The model runs fine without mixed precision as well as with mixed precision and R1 disabled.
I oriented my implementation on the gradient penalty example from the AMP documentation since its quite similar (Automatic Mixed Precision examples — PyTorch 1.11.0 documentation).
This is the code block that is causing the issue when AMP is enabled:
real_loss = ...
real_logits = ...
if r1_reg:
# Scales the loss for autograd.grad's backward pass, producing scaled_grads
scaled_real_logits = scaler.scale(real_logits.sum())
scaled_r1_grads = torch.autograd.grad(outputs=[scaled_real_logits], inputs=[real], create_graph=True)[0]

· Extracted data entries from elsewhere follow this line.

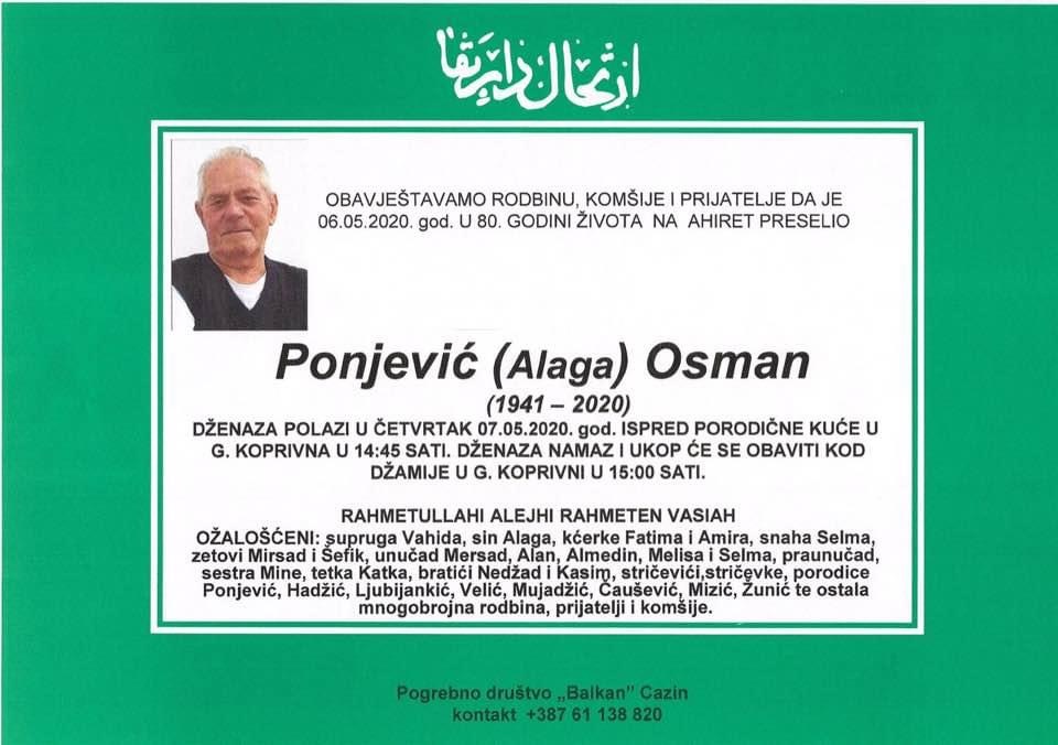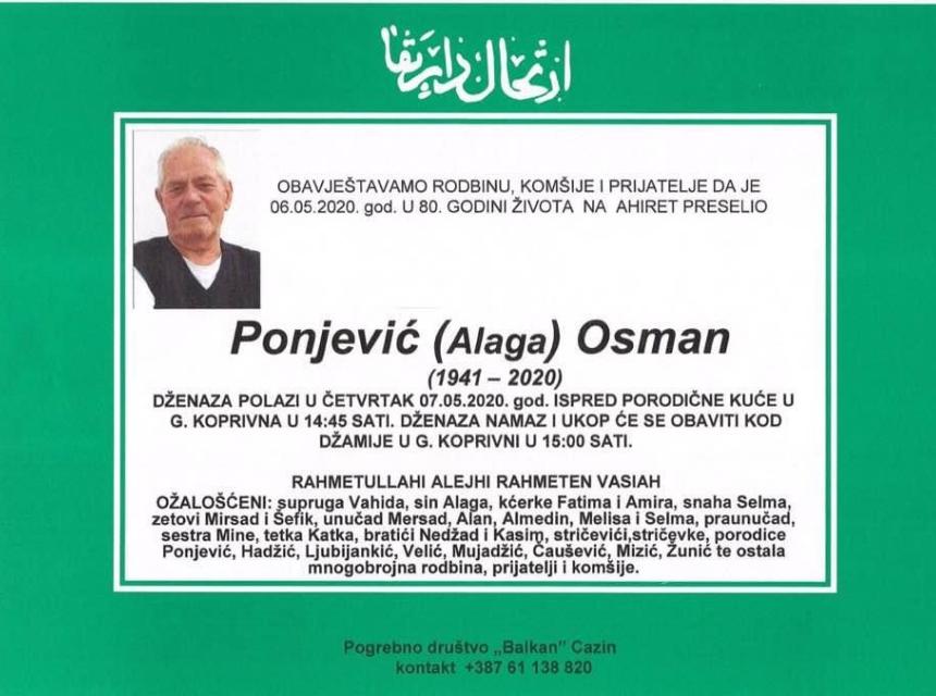 Tužnog srca i s bolom u duši javljamo rodbini, komšijama i prijateljima da je naš dragi Ponjević (Alaga) Osman, dana 06.05. 2020. godine u 80-oj godini života preselio na Ahiret.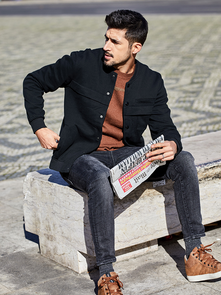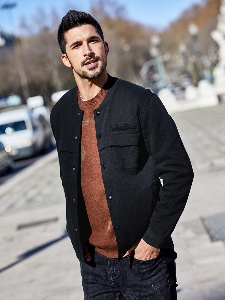 Special Offer] Men's Cardigan Sweater Men's Autumn Korean Style Slim Stand Collar Jacket Jacket Black Baseball Uniform 7010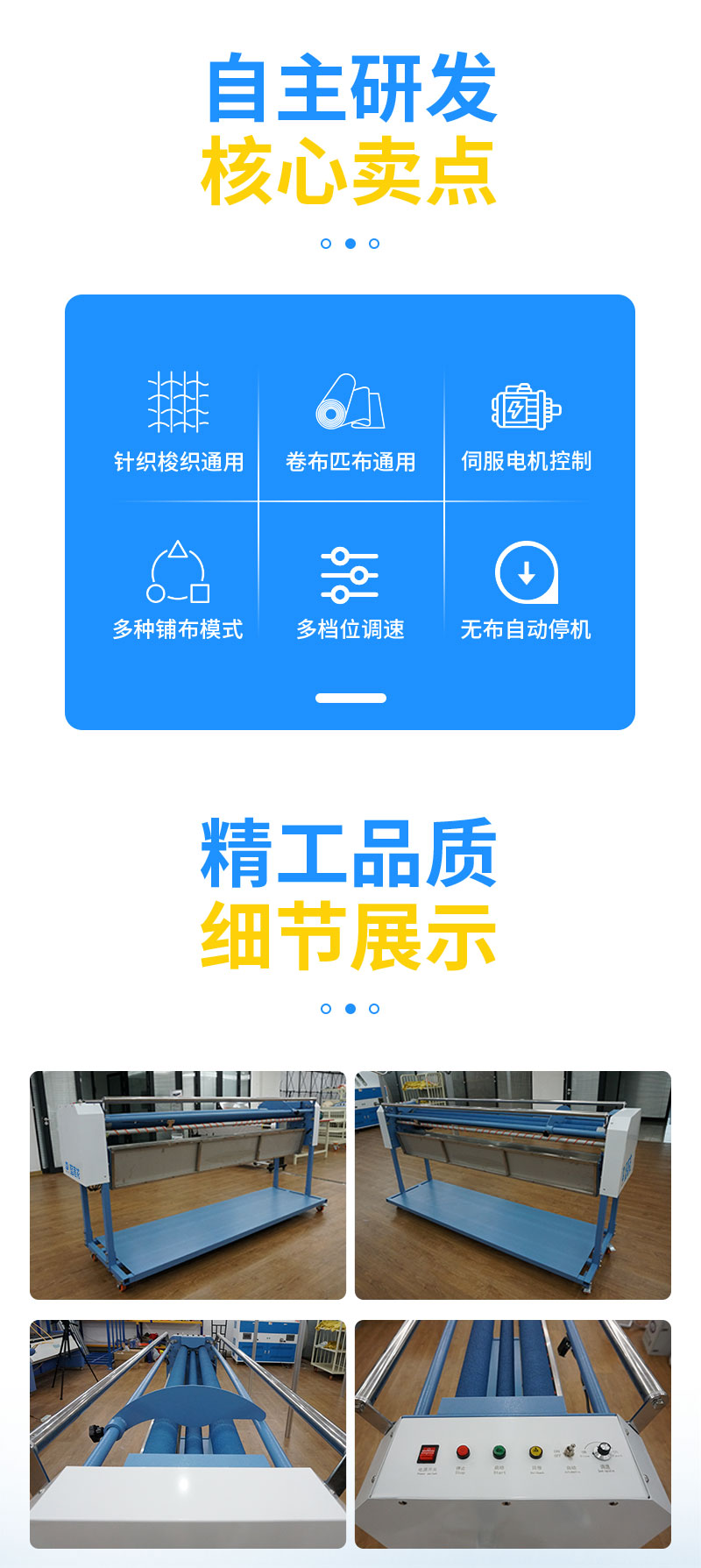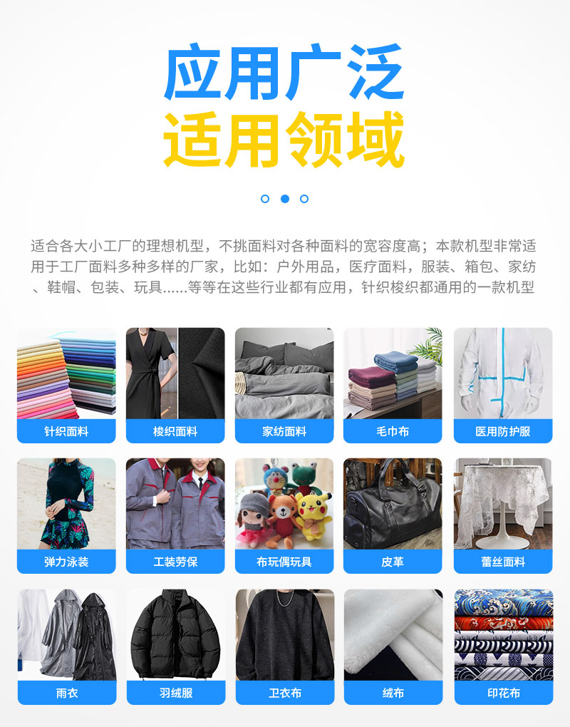 內(nèi)置電子調(diào)速器控制;可自動回卷有問題的布料;配有光電感應(yīng)布料,無布自動停機(jī)功能;配有可剎車的移動腳輪,方便移動固定。

# Creates unscaled grads before computing the penalty. scaled_grads are
# not owned by any optimizer, so ordinary division is used instead of scaler.unscale_:
inv_scale = 1. / scaler.get_scale()
r1_grads = scaled_r1_grads * inv_scale
with torch.cuda.amp.autocast():
r1_penalty = r1_grads.square().sum([1, 2, 3])
loss_r1 = torch.mean(r1_penalty * (r1_gamma / 2))
real_loss += loss_r1
scaler.scale(real_loss).backward()
thanks in advance for any clue!
Best regards,
Andreas